I recently stumbled upon a curiosity called the ‘free-rider problem’. It’s a curiosity because Wikipedia describes it as “a type of market failure that occurs when those who benefit from … public goods … do not pay for them or under-pay.” How can it be a market failure if it affects public goods?

Simple Solution to the Free-Rider Problem
A ‘free-rider’ jumping over subway turnstiles. By Mos.ru, CC BY 3.0, https://commons.wikimedia.org/w/index.php?curid=62515040
[I]f a group of men pursues mixed goals, its bad principles drive out the good. What is the political status of a free country whose government violates the citizens’ rights once in a while?
— Ayn Rand. Capitalism: The Unknown Ideal (p. 161). Kindle Edition.

As a new student of economics, I recently stumbled upon a curiosity called the ‘free-rider problem’. I call it a curiosity because Wikipedia describes it as “a type of market failure that occurs when those who benefit from … public goods … do not pay for them or under-pay.” (Emphasis mine; links and footnotes removed.)

How can it be a market failure if it affects public goods? By definition, ‘public’ goods are meant to exist ‘outside’ the market. The government decides, by fiat, that market forces don’t apply to some park, for example, and then claims it belongs to ‘everybody’.

Now, even a privately owned park might have a free-rider problem if its owner can’t figure out how to restrict access to paying customers only. But that’s not what proponents of public goods mean when they refer to the free-rider problem. There are many public goods and services to which access could easily be restricted, like the police force or the fire department. Not a paying customer? Sorry, no service.

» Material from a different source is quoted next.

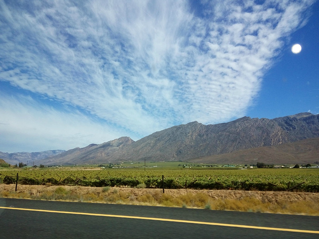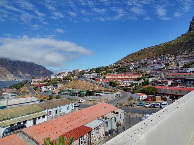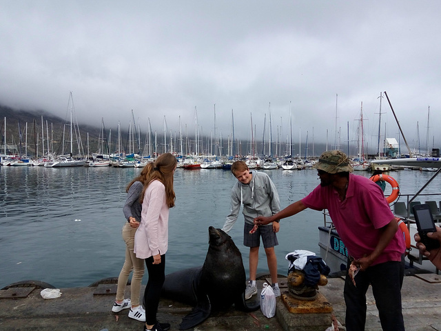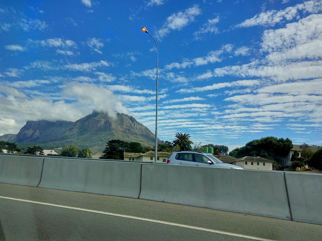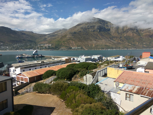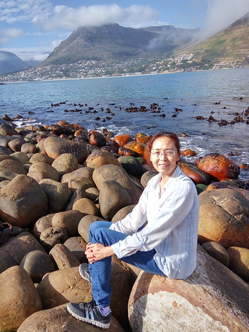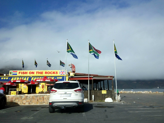 七点半出发找到一家肯德鸡快餐吃完早饭已八点半继续南下向开普敦行驶。向南走道路虽然高低起伏没那么大,但这边似乎干燥些。我们行驶了二个半小时,来到最后一座盘山道一眼望不到边的葡萄庄呈现在我们眼前,我环顾四周群山脚下,半山腰全是葡萄树,有的树上还挂有葡萄等人们去摘。一排排碧绿的葡萄树和一幢幢白色洋房遥相呼应,充满生机。公路两边各式葡萄酒广告显眼夺目,真是名副其实。翻过山路我们驶向一个隧道,隧道两边灯火通明,犹如夜景那样光彩夺目,行驶了十分钟出了隧道又来到一座盘山路,两边山高耸入云为我们让道。还有不到一百公里就要进开普敦市区了,儿子开车 用导航仪指路,开普敦的高速路弯道多,初来咋到根本找不到出口,我们绕了几个来回总算出去了,朝着儿子事先订好的民宿驶去,由于我们住的地方就在桌山脚下,我们朝着桌山方向行驶,一眼望去桌山山顶云雾缭绕,如仙境一般,绕过桌山被面眼前一条道路是又窄又狭长,叫m63路儿子慢慢行驶着,路两旁的松树高耸入云,我们仿佛进入梦中的仙境,啊太美了,美的叫人无法形容,这真是人间仙境,我们仨人都被眼前的美景所感叹。驶出仙境看到左边是码头,海面上各种帆船停靠在岸边。啊我终于见到大西洋了,我们立刻停车走到码头看看,刚下车一股浓浓的海腥味扑鼻而来,这里当地人正在宰杀刚从海边捕回新鲜的海鱼,哇这么多的鳕鱼被人们一块块切开,放入冰块包装运往各大酒店。这时有一群人在码头边不停拍照,我们也走过去看看,啊原来是海里边有几头海狮不停地喷出水面,它那皎杰油光发亮的皮蹿出水面引得人们争相拍照,我们也拍了很多视频,今天真是一睹海狮优美的身姿。最后我们来到住的民宿,这是一座三层楼房,面朝大西洋,称的上是海景房,坐在客厅里就能看到对面的桌山和停靠在码头的船只。到楼顶更是欣赏大海美景的好地方。你在上面躺在椅子上晒太阳,细品着一杯红酒纵览大海,桌山美景,那简直是美不胜收。我们还买了一条新鲜的鳕鱼,自己动手做饭,那个美别有丰味,房间设适也很考究,有双卫,进入房间就象自家一样好自在呀,今天到此,一会看海边夜景。

‘But wait’, you say. ‘Everyone is a paying customer of public services. We all pay taxes!’ No, not everyone pays taxes. Not everyone earns enough to pay income tax. Many people get more money from the government than they pay. Others pay far more in taxes than the services they receive are worth. Also, taxes are too far removed from the actual services to know whether enough money is being allocated. These discrepancies, distortions, and disconnects hinder error correction and hurt not just the consumers’ ability to consume those services but also the providers’ ability to provide them. Such disconnects wouldn’t happen in a free market, but this doesn’t stop politicians from blaming it for the public sector’s own failures!

‘Fair enough. But society depends on both the police force and the fire department. Nothing would work without them.’ Certain goods and services, so the argument goes, are absolutely necessary for a society to work, and so they must be guaranteed. This stance is foundationalism applied to politics. Different countries implement this foundationalism to varying degrees. Some include the police, the fire department, and jury duty, others go as far as ‘guaranteeing’ access to healthcare and higher education. In any case, I’m not saying I want to get rid of the police. On the contrary, I do agree that law enforcement is important. I’m saying that access should be restricted to paying customers – and that, counterintuitively, such restriction would lead to better access to the police for all.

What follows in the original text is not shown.